2019.03.14

補聴器と医療費控除

検索結果
ネットの検索エンジンで「補聴器」と打ち込むとキーワード入力補助のトップに、“医療費控除”が出てきます。(多分、この時期だけの現象でしょうが)

以前は、補聴器を購入した場合でも、その費用は医療費控除の対象ではありませんでした。(一部、医療費控除の対象となる場合もありましたが)

それが2018年より制度が変わり、補聴器購入費も医療費控除の対象となりました。
ただし、どんな場合でも認められるわけではありません。
お金の手話
その話をする前に…。
補聴器を購入する場合、直接に補助金が出る制度が3つあります。

①障害者総合支援法の制度
障害者手帳(聴覚障害)を取得しているか聴覚系難病認定の方
②労災の制度税金
③軽・中等度難聴児に対する助成

①と②は国の制度ですので全国同じですが、③は各自治体が設けている制度ですので、
自治体によりその内容は異なります。

老人性難聴など①~③に当てはまらない方は、助成を受けることは出来ません。
ですが、確定申告をすることによりすでに払った税金の中から、補聴器費用の一部を戻してもらうことが出来る場合があります。
医療費控除を受けるには何が必要かというと…。
まず購入前、補聴器相談医の診断を受けなければなりません。
補聴器相談医は一番多い東京都で約400人、最も少ない県で20数人が登録されています。
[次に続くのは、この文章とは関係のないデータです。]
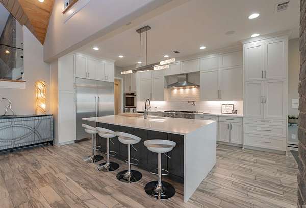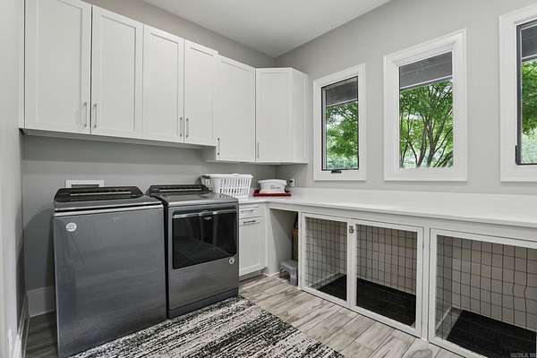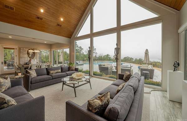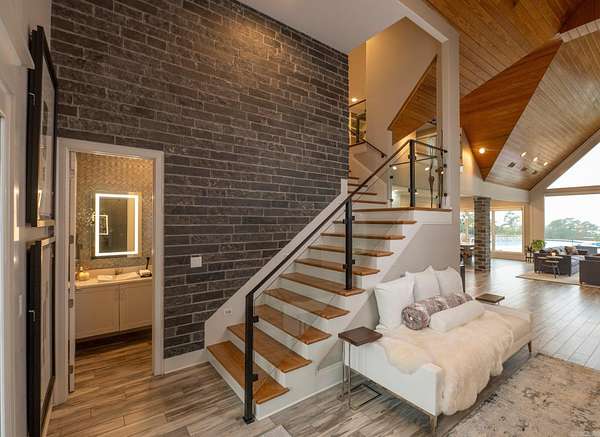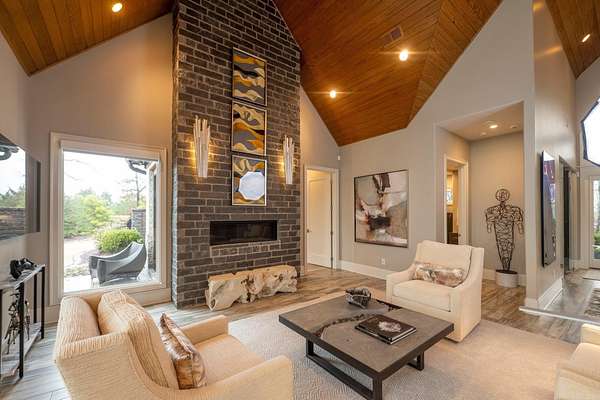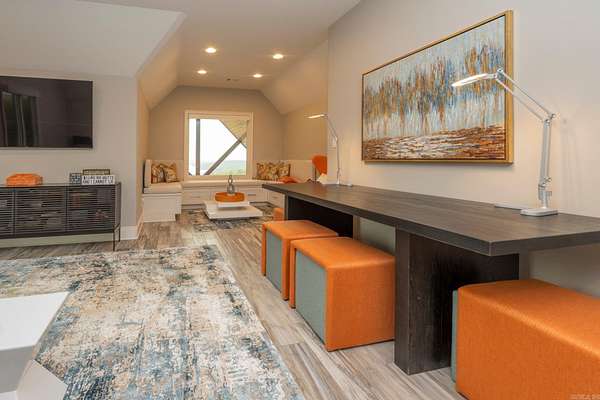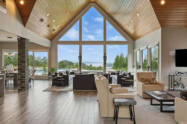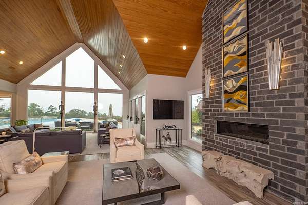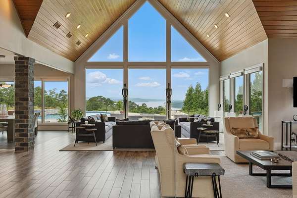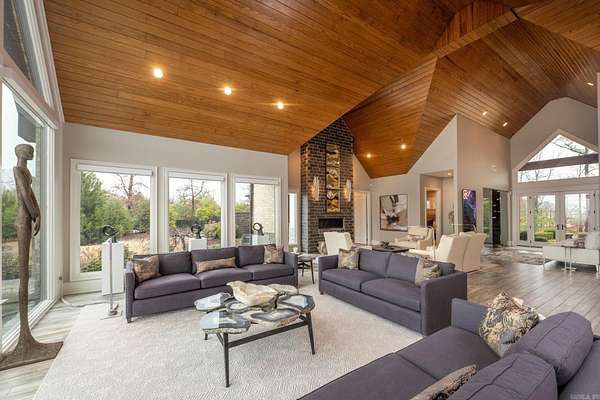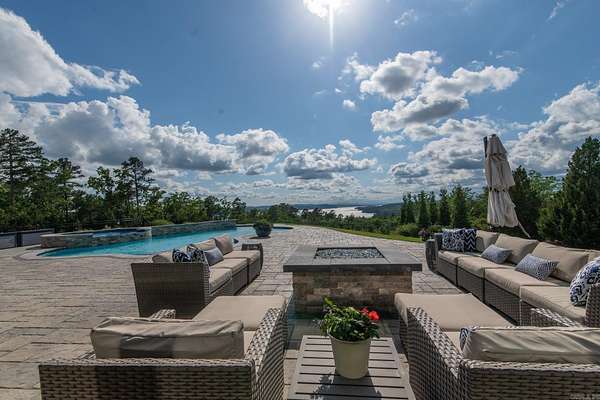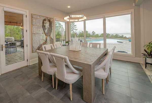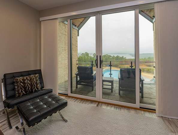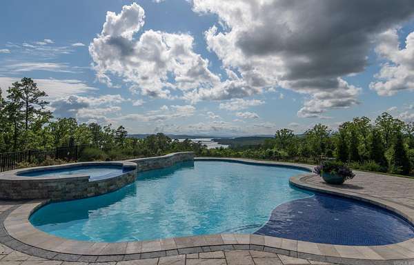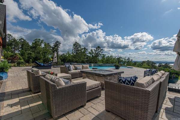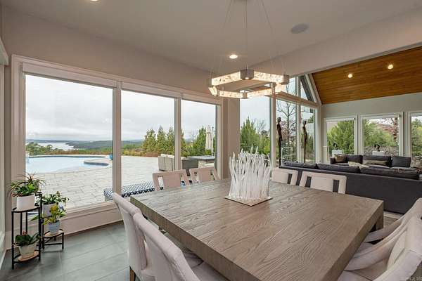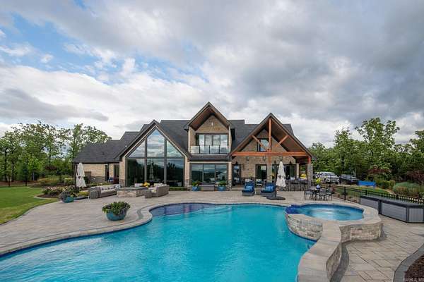 Step inside this one-of-a-kind masterpiece. As you enter, you'll be greeted by a stunning view of the pool, overlooking the wooded terrain and Lake Maumelle. The open foyer welcomes you with a vaulted, jagged wood ceiling and a custom-designed staircase with glass walls. Equipped with Savant technologies this house is a must see. Kitchen has Thermador appliances, a double oven, a Sub-Zero fridge/freezer unit, a crushed ice machine, quartz counters, a walk-in pantry, and a glassed wine room w/ a wine fridge and wet bar. Enjoy two main living areas: one perfect for cocktails overlooking the pool & lake, and a cozy den with a fireplace for relaxing w/ a book. Tile flooring extends throughout the home, and all windows are tinted for UVA sun protection and equipped with Hunter Douglas electric shades with personalized automation. Additional features include a water filtration system, dehumidifying HVACs w/ multi-zone controls, tankless gas water heaters with continuous hot water flow, a Generac generator, and a tornado-safe roof. Step outside to a private setting with estate landscaping, a pool and spa, an outdoor kitchen, an automated mosquito misting system, speakers, and cameras.
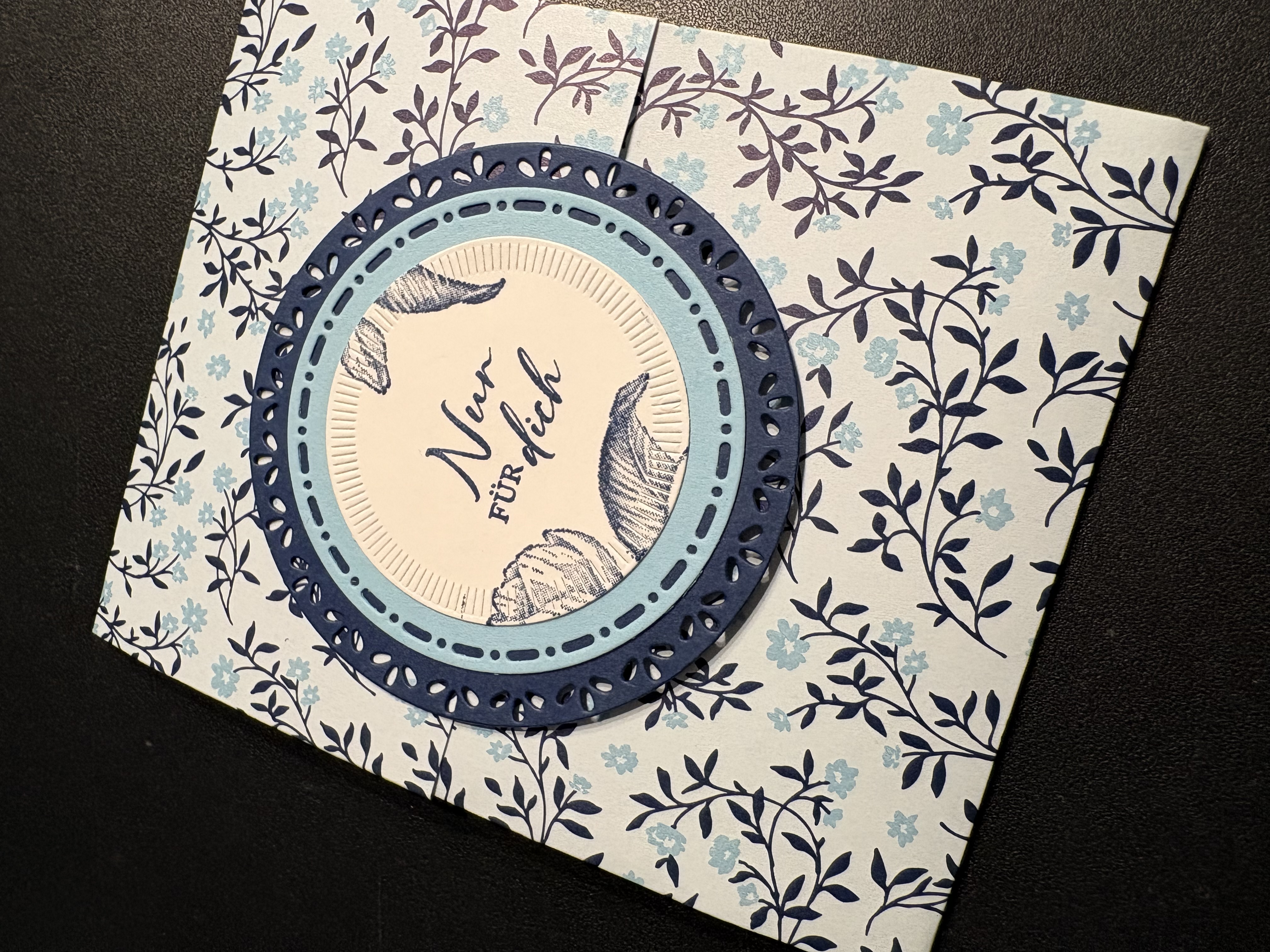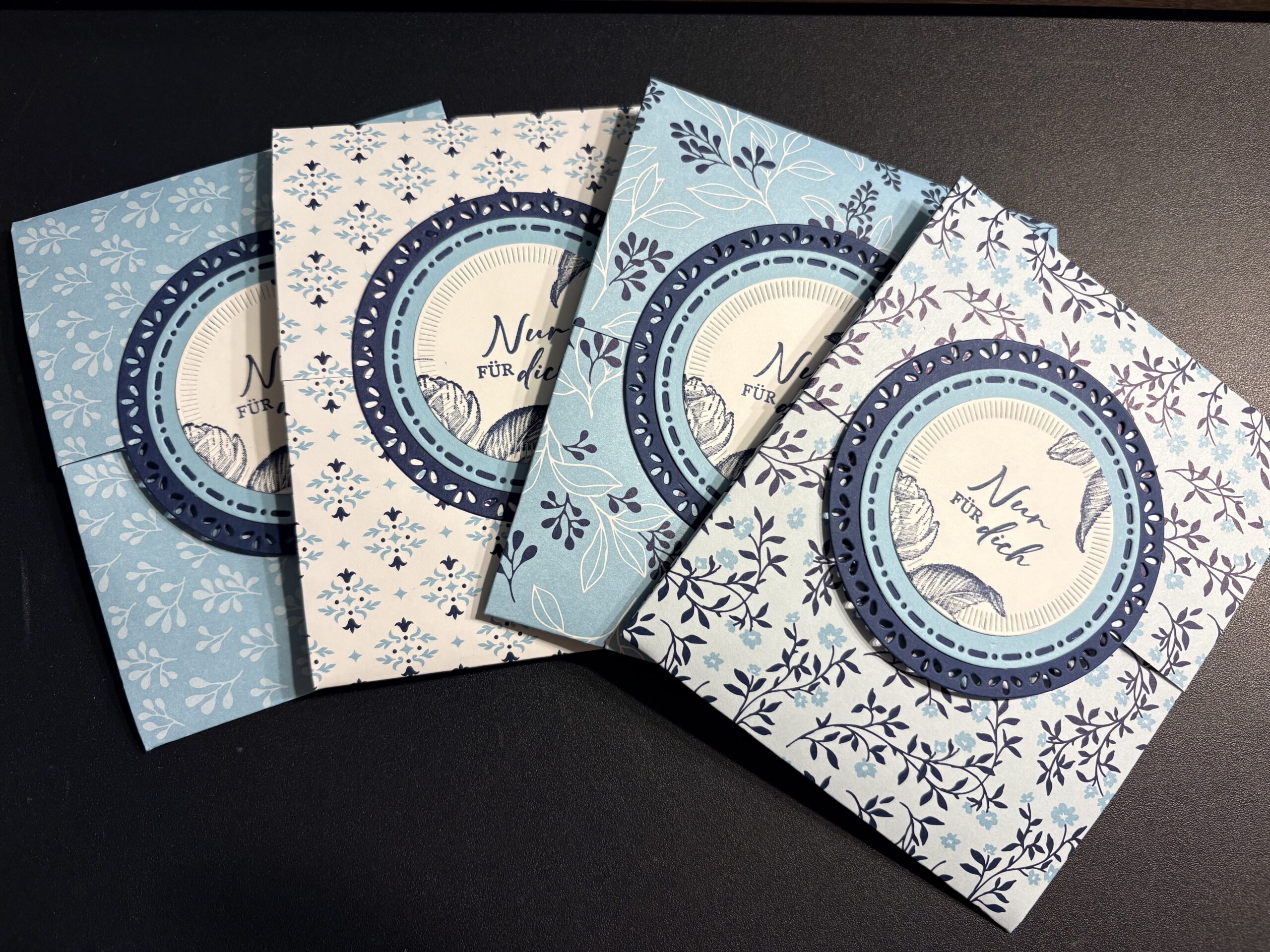 Für Stampin‘ Up! Bestellungen ab 150 EUR gabs im Jänner als kleines Dankeschön von mir eine Packung Glitzersteine hübsch verpackt dazu. Dafür habe ich das Designerpapier „Blumen in blau“ verwendet, das es im Dezember bei Stampin‘ Up! als Produkt des Monats für nur 6 EUR zum Bestellen gab. Die Verpackung per se kommt ganz ohne Kleber aus, sie wird nur ineinandergesteckt. Zur Deko habe ich Kreise aus dem Stanzenset „Naturverliebte Kreise“ in Marineblau, Babyblau und Grundweiß ausgestanzt und mit einem Spruch aus dem Set „Liebe über Alles“ bestempelt. Ich hoffe sie haben sich darüber gefreut.
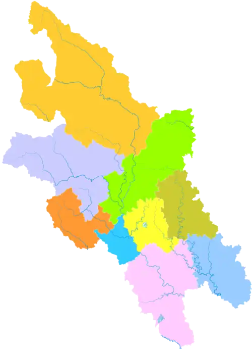 Mianyang (simplified Chinese: 绵阳; traditional Chinese: 綿陽; pinyin: Miányáng; Wade–Giles: Mien2-yang2; Sichuanese romanization: Mien2-iang2; formerly known as Mienchow, Chinese: 綿州; pinyin: Mianzhou; Sichuanese romanization: Miencheo; lit. 'Mian Prefecture') is the second largest prefecture-level city of Sichuan province in Southwestern China. It borders Nanchong City to the east, Suining City to the south, Deyang City to the southwest, Aba Tibetan and Qiang Autonomous Prefecture to the west, Gansu Province to the north, and Guangyuan City to the northeast.[3] Located in north-central Sichuan covering an area of 20,281 square kilometres (7,831 sq mi) consisting of Jiangyou, a county-level city, five counties, and three urban districts.[4] Its total population was 4,868,243 people at the 2020 Chinese census, of whom 2,232,865 live in its built-up (or metro) area made of three urban districts.
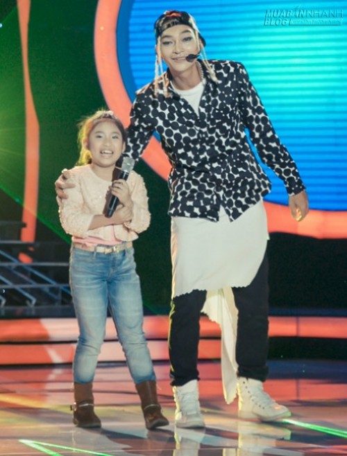Bé Ju Uyên Nhi - quán quân Gương mặt thân quen nhí có mặt trong chương trình, làm nhiệm vụ phiên dịch tiếng Hàn cho giám khảo Hoài Linh.
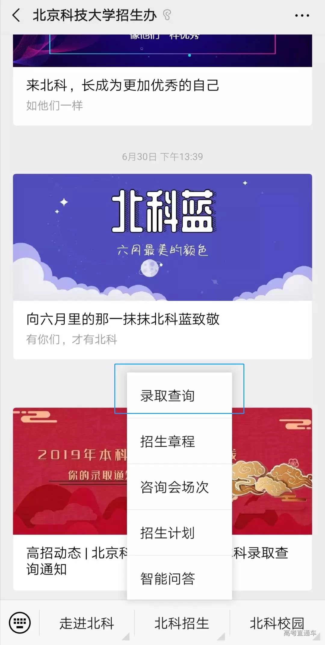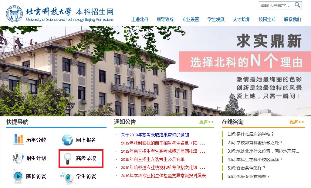 通 知 北京科技大学2019年普通本科统招录取各省(地区)投档线如下: 607 608 635 618 606 594 587 —— 578 586 580 —— 614 —— 587 —— 723 —— 624 622 612 598 605 586 609 592 598 610 592 585 383 367 602 602 616 616 579 603 559 —— 470 —— 619 601 582 578 600 609 643 600 629 584 577 625 620 北京科技大学2019年高考录取结果查询现已开通,可通过学校本科招生网查询。 步骤1: 登录学校本科招生网 zhaosheng.ustb.edu.cn ,或点击下方图片直接进入。 步骤2: 进入左侧【快捷导航】里的【高考录取】,身份证号和考生号请在英文半角状态下输入,身份证号中所含字母请在小写状态下输入,考生号为18开头的十四位号码(广东省为十位考生号)。 也可通过招生办微信公众号菜单查询。 说明:录取专业以各省考试院查询结果或本科录取通知书为准,通知书将于稍晚时候邮寄发出,邮寄地址为考生高考报名登记表所留录取通知书邮寄地址,请已被录取的考生耐心等待。 截止2019年7月25日,目前录取工作已完成并可查询结果的省市区相关类别如下: 省份 理科 文科 安徽 北京 重庆 福建 甘肃 广东 广西 贵州 海南 河北 河南 黑龙江 湖北 湖南 吉林 江苏 江西 辽宁 内蒙古 宁夏 青海 山东 山西 陕西 四川 天津 西藏(汉) 新疆 —— 云南

そこで、補聴器適合に関する診療情報提供書を書いてもらいます。
その書類の中に、「補聴器を必要とする主な場面」という項目で、

□医師等による診察や治療を受けるために直接必要

という医師がチェックを入れる欄があります。
ここにチャックを入れてもらえない場合、補聴器購入費は医療費控除の対象になりません。

診療情報提供書は認定補聴器専門店か、認定補聴器技能者がいる補聴器販売店に提出しなければなりませんので、提出した際にコピーを取ってもらいましょう。

そのコピーしたものと、補聴器購入時の領収証の二つが、確定申告を行う際に必要となります。
どちらも提出する必要はありませんが、税務署から求められた場合には提示しなければなりません。
相談の手話
ちなみに①補聴器相談医、②認定補聴器専門店、③認定補聴器技能者がいる補聴器販売店はそれぞれインターネットで調べられます。

①は「補聴器相談医」で検索すると耳鼻咽喉科学会HPの補聴器相談医名簿のページが出てきますので、そこで見ることが出来ます。

また、テクノエイド協会HPの補聴器関係のページで②及び③を、補聴器技能者協会のHPで③を調べることが出来ます。